Friday, September 2, 2022

Locus 1.1.0

A new release of Locus has been pushed to github, which includes several features involving elementary topos theory.
  1. The readme was changed to focus on topos theory and commutative algebra. In particular, order theory, semigroup theory, and monoid theory are de-emphasized and categories are emphasized more.
  2. The topos theory of hypergraphs was greatly developed in this version as well as the idea of subobjects and quotients of the span copresheaf topos. The special case of incidence structures, which are flag distinguishing spans were studied. The flag distinguishing spans are a subcategory of the span topos that is subobject closed, however, it is not quotient closed. To get around this, we defined the together injective quotient of a span copresheaf which always produces a flag distinguishing quotient. This function is a suborder producing map on the congruence lattice of a span copresheaf.
  3. A corresponding topos theory of cospans was devised based upon the dual category of the index category of the span copresheaf topos. This is nice for adding a degree of completion to the basic copresheaf theory.

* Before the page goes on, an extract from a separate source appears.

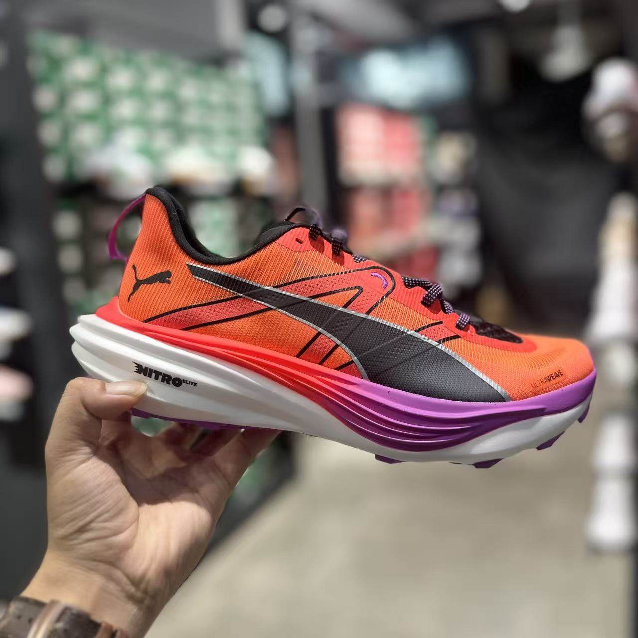 PUMA彪马Deviate NITRO Elite Trail男子跑步鞋(型号310034)专为追求速度与耐力的跑者设计。搭载革新性NITRO Elite中底科技,提供卓越轻量回弹,有效减震,提升长距离奔跑的舒适性。鞋面采用工程网眼材质,增强透气性,保持足部干爽。外底配备PUMAGRIP防滑橡胶,适应多种路面,尤其适合越野与混合地形训练。流线型设计融合时尚与功能性,兼顾公路与轻越野场景。Deviate NITRO Elite Trail不仅提升跑步表现,更以环保理念打造,部分材料源自可持续资源,是现代跑者高性能与环保兼具的理想之选。

  4. The use of diamond copresheafs was further developed, which is extended from the copresheaf theory of morphisms of functions. When I first studied topos theory of $Sets^{\to}$, much like in the standard textbooks I treated morphisms of functions as morphisms rather then as another class of copresheaf. The decision to apply categorical logic to them was an original innovation of mine. Now I have extended the theory of the diamond topos with functors to the span and cospan topos, as well as dual functors to the topos of triangles. In other other direction, methods were implemented for creating diamond copresheafs from spans and cospans using cartesian and cocartesian squares, which were interpreted from the stacks project. Another method of creating diamonds is defined by combining parallel triangle copresheaves.
  5. I place very special emphasis now on the fact that $Rel$ is a concrete category. This wasn't something that I was considering before, when I first started considering relations. I knew that $Rel$ would be of central importance, for example because of its use of dataflow analysis, but I didn't see how it would fit into the big picture. In this new implementation in Locus 1.1 the category $Rel$ is part of the concrete category framework. The new ImageFunction class handles the conversion of relations to functions. Relational functors are handled as part of the larger structure presheaves framework I am developing, which I think will work nicely as the whole point of Locus is that everything revolves around presheaves.
  6. The opposite category $Sets^{op}$ is also implemented as a concrete category embedded in $Rel$ so that the dual of a concrete category can again be considered to be concrete.
  7. I implemented a ComposablePath class which is designed to handle pairs of compatible morphisms in a category. The point of this class is that it handles the third kind of section of a compositional quiver copresheaf, which emerges in the copresheaf theory of categories. The copresheaf theory of categories is an original development of mine, which is a consequence of the copresheaf topos theory of everything that I am developing, so this is another original idea of mine.
  8. The impetus of the entire 1.0 series of Locus versions is going to be the structured presheaf framework. This means that rather it is a structured sets, structured function, structured pair of sets, structured pair of functions, a structure presheaf, a structure sheaf, sheaf of rings, or a scheme every single mathematical object is going to be treated as a structure placed over some presheaf. This provides us a much more flexible framework then focusing on structured sets alone and it fits well with the structure sheaves familiar from algebraic geometry. The first stages of the structured presheaf framework were implemented in this version of Locus by using the class hierarchy.
Topos theory is the key to solving the issues of logic-based artificial intelligence, and I am more certain of this then ever. Right now the focus is on improving this program.